Cat Eye Infections


Cat Eye Infections

cat eye infections

cat eye infections

Cat eye infections are not that uncommon and you should know what you need to do about them. There are generally two types of infections, viral and bacterial. Here a veterinary surgeon gives some helpful advice.

“Dr. James T. Albert, DVM has some sound answers for these questions. Dr. Albert is a local veterinarian here in the Western New York area and a regular on AM Buffalo’s Pet Talk Tuesday, WKBW, on channel 7.”

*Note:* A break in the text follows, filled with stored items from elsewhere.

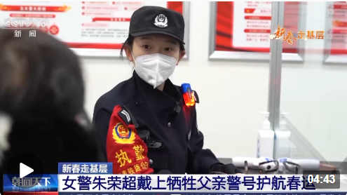 今天的新春走基层,让我们认识一位00后的女警朱荣超。030695,曾是她烈士父亲的警号,父亲的警号在经过八年的封存之后,终于由女儿重启。在春运的人流中,她外形文弱,却步履不停,帮助旅客平安踏上归途,她用青春擦亮父亲的警号,传承着人民警察的使命和担当。
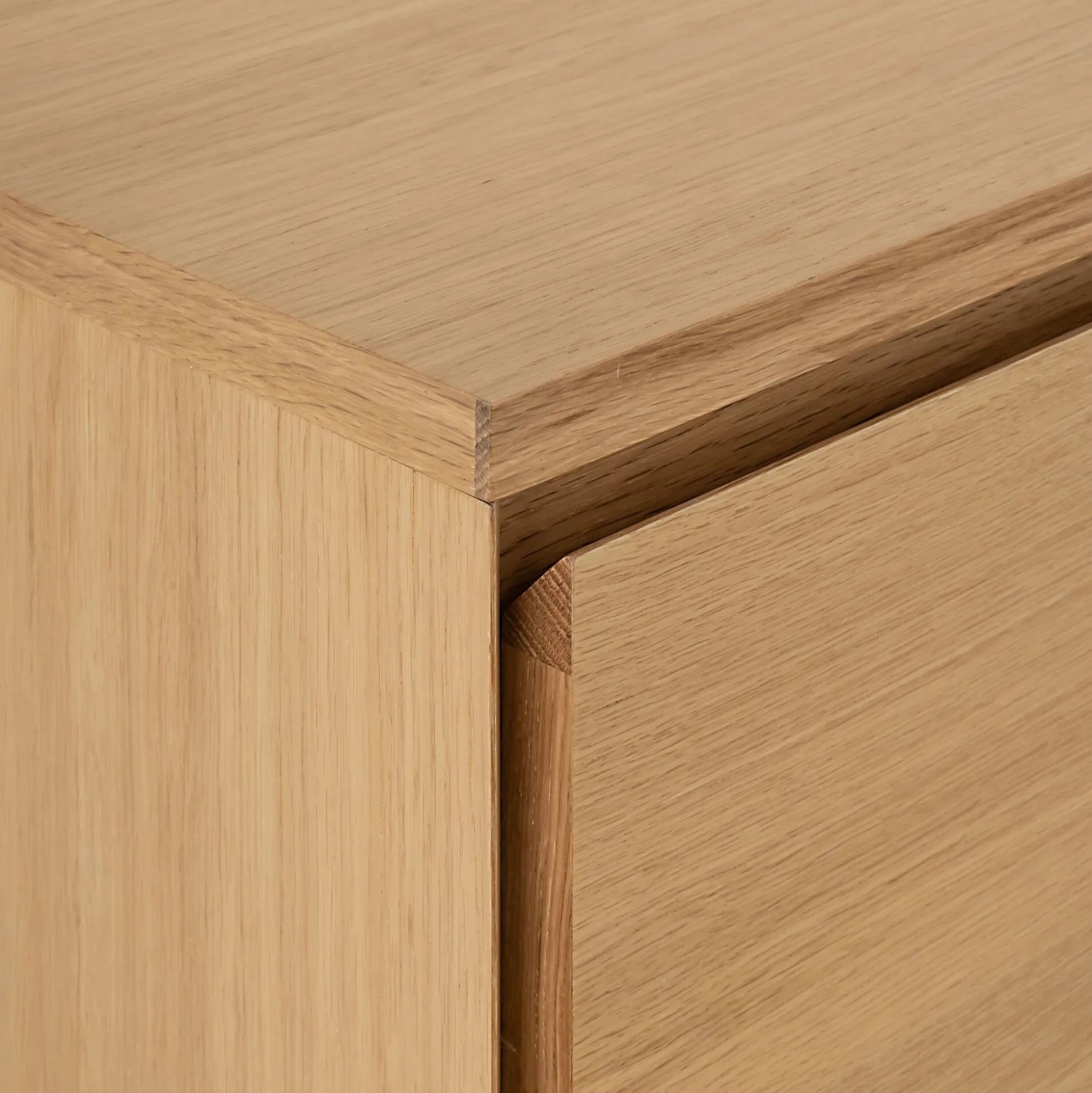 Structure caisses et façades en panneaux de fibres de particules de moyenne densité en placage chêne blanc finition vernis.
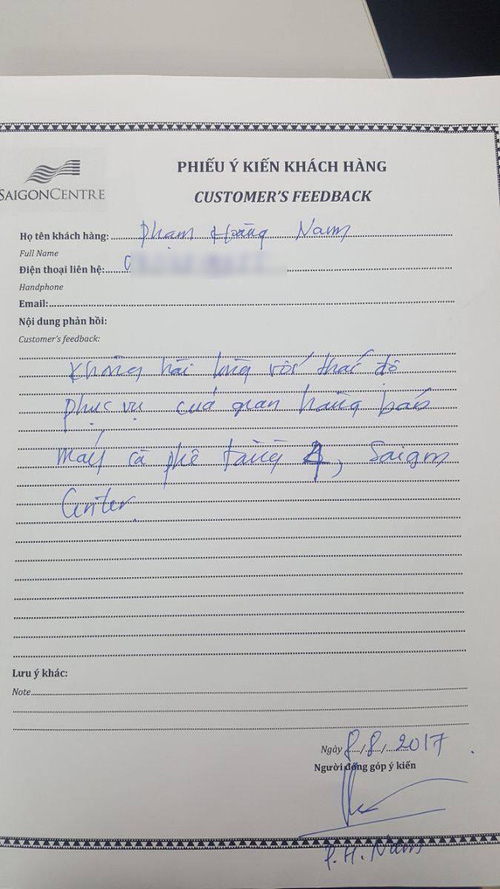 Người đàn ông ghi tên là Phạm Hoàng Nam trong phiếu ý kiến khách hàng
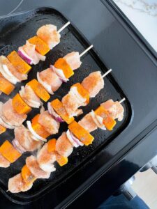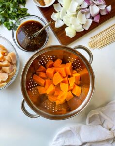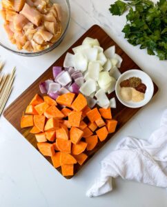 Once the sweet potatoes are cool enough to touch, assemble your skewers by alternating pieces of chicken, sweet potato and onion.
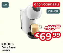 | 1 | Krups Dolce Gusto KRKP2401 0,8 L | Exellent | € 89,99 | € 69,99 | € 20,00 Korting | 02 maart 2026 | 15 maart 2026 | Bekijk aanbieding | |
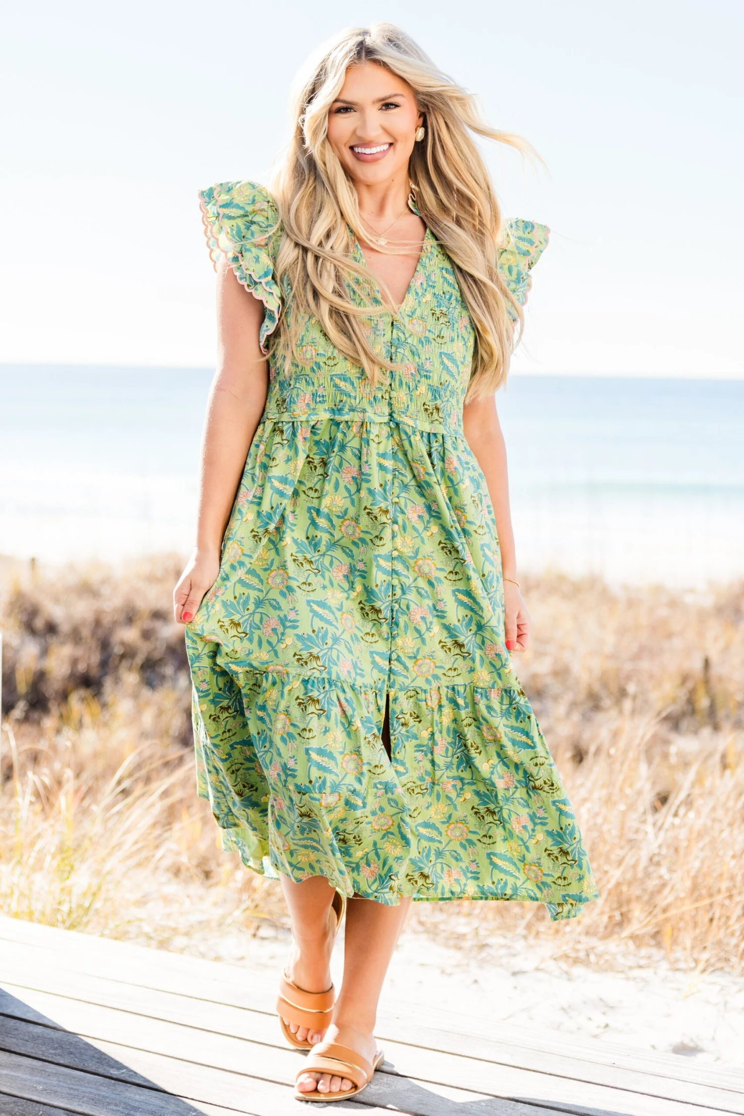 Indulge in luxurious sophistication with this dress! The smocked bodice, tiered skirt, and functional buttons down the front offer a comfortable and stylish fit, while the flutter sleeves with pink ric rac piping add a touch of whimsy! Featuring a tropical floral print, this dress exudes elegance and charm!

“By far the most widespread infectious disease that affects your cats’ eyes is the Herpes virus. This virus is related to but not the same virus that occurs in people.

It is estimated that 90 percent of cats from shelters, catteries, and multiple households carry the virus for their lifetime. Most cats although carrying the virus are not outwardly affected, however there is a population of cats that when stressed suffer a viral outbreak.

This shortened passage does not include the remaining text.